Discover the videos and other sessions from the OECD Disrupted Futures 2023 conference at https://www.oecd.org/education/career-readiness/conferences-webinars/disrupted-futures-2023.htm
Find out more about our work on Career Readiness https://www.oecd.org/education/career-readiness/
Speaker Introductions:
Tricia Berry – Learning Specialist of Universal Design for Career Education EECD
Anthony Mann - Senior Policy Analyst, Career Readiness, at the Organisation for Economic Cooperation and Development
Goal of Todays Session – From research to practice: how New Brunswick is integrating insights from longitudinal analysis into K-12 career development
I would like to start with a video that outlines the NB career education strategy. It will be good to provide this context and then I will discuss more the evolution career education in NB.
4 mins
NB career education strategy
Tricia
What you just saw highlights our career education strategy called Career Connected Learning. Our strategy focuses on the systemic advancement of the design and delivery of career education in New Brunswick. More specifically, to continue to ensure effective transitioning for all, including learners with diverse needs.
We determined that we needed to develop a career education framework to further leverage Career Connected learning and the associated best practices – experiential learning, labour market information learning, social emotional and global competency learning, and financial wellness learning.
As you can see on the screen there are many initiatives that have informed this strategy but more importantly necessitated our ability to continue in being forward thinking and actionable in how we can best support our learners today and in the future. These initiatives and the associated research have contributed to our Career Education Framework.
- Our 10 Year Education Plan states that to be successful in both the present and the future, learners require the global competencies necessary to be open and engaged citizens. We recognize that a framework would offer more guidance and support as we continue to work towards making Career Connected Learning equitable in its delivery and access.

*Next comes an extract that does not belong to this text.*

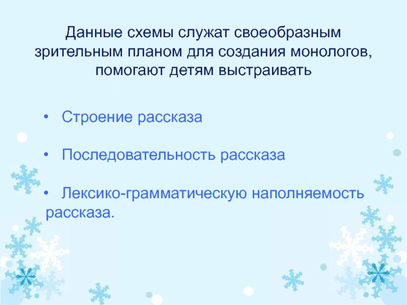 Слайд 15Данные схемы служат своеобразным зрительным планом для создания монологов, помогают детям

Policy 322 is our policy on Inclusive Education and it is important as we considered the need for each learner in NB to have access to career education and to equally access the associated financial, societal, and educational benefits.
The Portrait of a Learner guides the decisions and actions of everyone involved in the education of New Brunswick youth by providing a context for the opportunities that learners need to determine their own pathways and to contribute to society. The Career Education Framework is able to capture these opportunities.
the framework works to support the development of the Global Competencies and bring students towards the portrait of a learner at graduation. But most importantly preparing our learners with the skills, sets of knowledges, and attitudes of a well-rounded person.
as NB moves towards new high school graduation requirements that reflect the changing needs of our learners and society, the framework will work to support the continuum of learning that will prepare learners to make more choices and earlier along their high school pathway towards post-secondary.
Lastly, NB’s Future Wabanaki/Avenir NB/ Future NB and Policy 307 on Experiential Learning can utilize the career education framework to provide a road map for the continuum of career development outcomes associated with experiential learning.
We also cannot ignore this post-pandemic road we are on – many youth are anxious about the future and are still struggling to be hopeful considering disrupted learning, economic turmoil and transformed workplaces – not to mention the increasingly difficult job of navigating a world that has been forever changed. Now is the time for a career education framework that can guide career provision across the whole of the curriculum and early learning and school life. Our framework will be a working document and will attempt to keep pace with the rapidly changing world we live in but most importantly, it will acknowledge and address known barriers to effective transitions, through the lens of equity, diversity and inclusion.
It is important to note that the development of a Career Education Framework for New Brunswick is the result of collective interest, and investment of many. Again, this speaks to the desire to be more intentional and to ensure that all of our learners are accessing what we know is essential learning.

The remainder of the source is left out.